Accountability Vs. Zealous Lambast :: How Comments Affect Writers

As a writer who would prefer to survive, you learn early on not to read the comments. It’s like specifically seeking mean gossip re: you in middle school. Learning what people (esp. strangers) say or think isn’t really productive to becoming a better person or writer. Sure, every so often they’ll point out incorrect information, present an alternative opinion, or otherwise point out something that actually is helpful. That’s rare, though.

In general, you find shit like this:

This specific message addresses my piece investigating dope dives in Atlanta. First of all, isn’t the term “dive bar” a little fluid and open to interpretation? Secondly, I did a little cursory research on the human who felt the urgent need to share this opinion with me. He lived in freaking England—which, sure. Maybe he’s visited Atlanta before or maybe even spent time living here. Third, that scale doesn’t make sense given his final score. But none of that seemed important enough to dissuade him from hunting for me on social media and shouting his feelings in a very direct way.
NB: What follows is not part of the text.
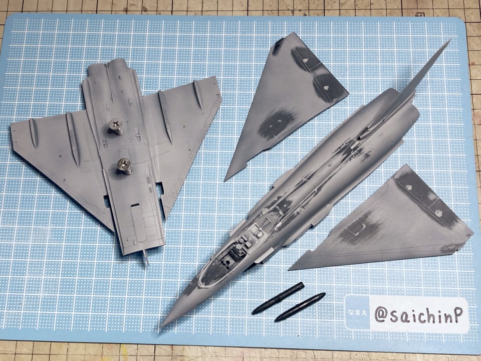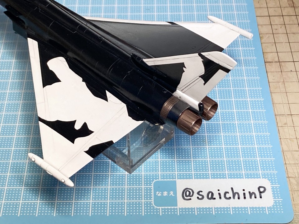完成編の記事はこちら 真誕生日なのでタイフーンを作りました キットは中身がドイツレベル製の物です。 後年にハセガワから新金型で繊細なモールドの素晴らしいタイフーンのキットが出ているのですが、それと比較するとバリ、ヒケ、歪みなど多く組み立てにはそれ相応の手間がかかります。 デカールだけ流用してハセガワのキットを使ったら楽だろうなと考えてしまいますが、私は当時のキットで作ることをコンセプトにしているのでこのままいきます。 下面に額縁取付用のナットを仕込んで、脚カバーは飛行状態に閉じます。 サフ吹いてチェックすると、ヒケ、歪み、段差などがあちこちにあるので国産キットのパチピタというわけにはいきません。 主翼下面がエアインテークと一体なのでここの合わせが一番手間がかかりました。 後から主翼上面を取り付けて形になったらコックピットをジャーマングレーでベタ塗り。 キャノピーも磨いて整えないと表面がでこぼこしています、取り付けたらマスキングして表面処理と消えたスジ彫りの修復とかをしました、ここが一番時間がかかっています。 納得できる表面になったら下地の白を吹き付け。 機体色が黒なので、白ライン以外の部分の胴体とかはサフ地のままです。 いつもな感じに白ラインとアイドル部分のマスキングをして機体色の黒を吹きます。 説明書のレシピに黒を足してより黒っぽくしたものを吹きました。 マスキングを剥がしたらクリアーを吹いてウェザリングカラーのマルチグレーでスミ入れ。 ここまで、白、黒、クリアーを吹いてますが都度、軽く研ぎ出しをしています。 2000番で数回軽く撫でてからメラミンスポンジで擦る感じです。 ノズル部分の金属色をマスキングして塗り分けました。 ちなみにノズルは開状態、閉状態の選択式でしたが、閉状態は湯が回って無くて欠けていて使えなかったので選択の余地なく開状態を使用しています。 デカール貼りは最初に主翼のハの字のラインデカールを貼ります、白を塗装にしているとデカールをカットする必要があるのでやや難易度高いです。 薔薇の花びらデカールを重ねて貼っていきます。 今回からデカール用のぬるま湯の為にカップウォーマーを導入しました。 朝から晩まで作業しててもぬるま湯状態がキープされて便利でした。 花びらの後にロゴやらコーションデカールを貼って、最後にアイドルを貼ってデカールは終わり。 このあと乾燥させてからぬるま湯で拭いてデカールの糊などを拭き取ってから半光沢クリアを吹いて完成です。 作業期間は約4週間。 関連 真誕生日なのでタイフーンを作りました F-2A 双海亜美&F-16C 双海真美 制作編 Su-33 星井美希 制作編 PR |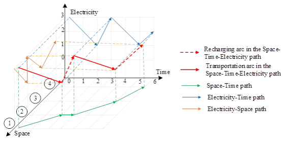 宋茂灿老师和东南大学程琳教授把现有的空间可达性和时空可达性拓展为时间-空间-电量(时空电)可达性,将时空电可达性纳入到充换电设施布局优化中,从时间、空间、电量三个维度探究可达性和充换电设施布局之间的关系。以最大化电动汽车出行者的时空电可达性为目标,构建时空电网络流布局模型并设计三种分解算法:拉格朗日松弛、Benders分解、交替方向乘子法,成果分别发表在Expert Syst Appl、Sustainable Cities and Society、Comput Ind Eng。

Not that the above dude’s message is unique. This is what I find in my Facebook Other and Tumblr inboxes like... often. It’s harder to ignore the bullshittery when readers specifically seek you out to let you know how much you suck. When I wrote that one piece for VICE back in August, that was a fucking shitstorm of direct nastiness. People were @ mentioning me about a hateful thinkpiece on not only my work but me, for fuck’s sake (not to mention this all rained down on me while trapped in a bumpy moving truck, set on a 2000-mile move south). It’s not like my experience is an isolated one, either. One of my good friends, Jessica Misener, is a senior editor at BuzzFeed. She told me about a Reddit thread directed not at anything specific or even general she wrote. Nope, it concerned her, as a person. “One time Redditors came after me,” she said. “And posted screenshots from YouTubes of me and discussed my ‘neck and arm fat.'” This attack was most certainly personal.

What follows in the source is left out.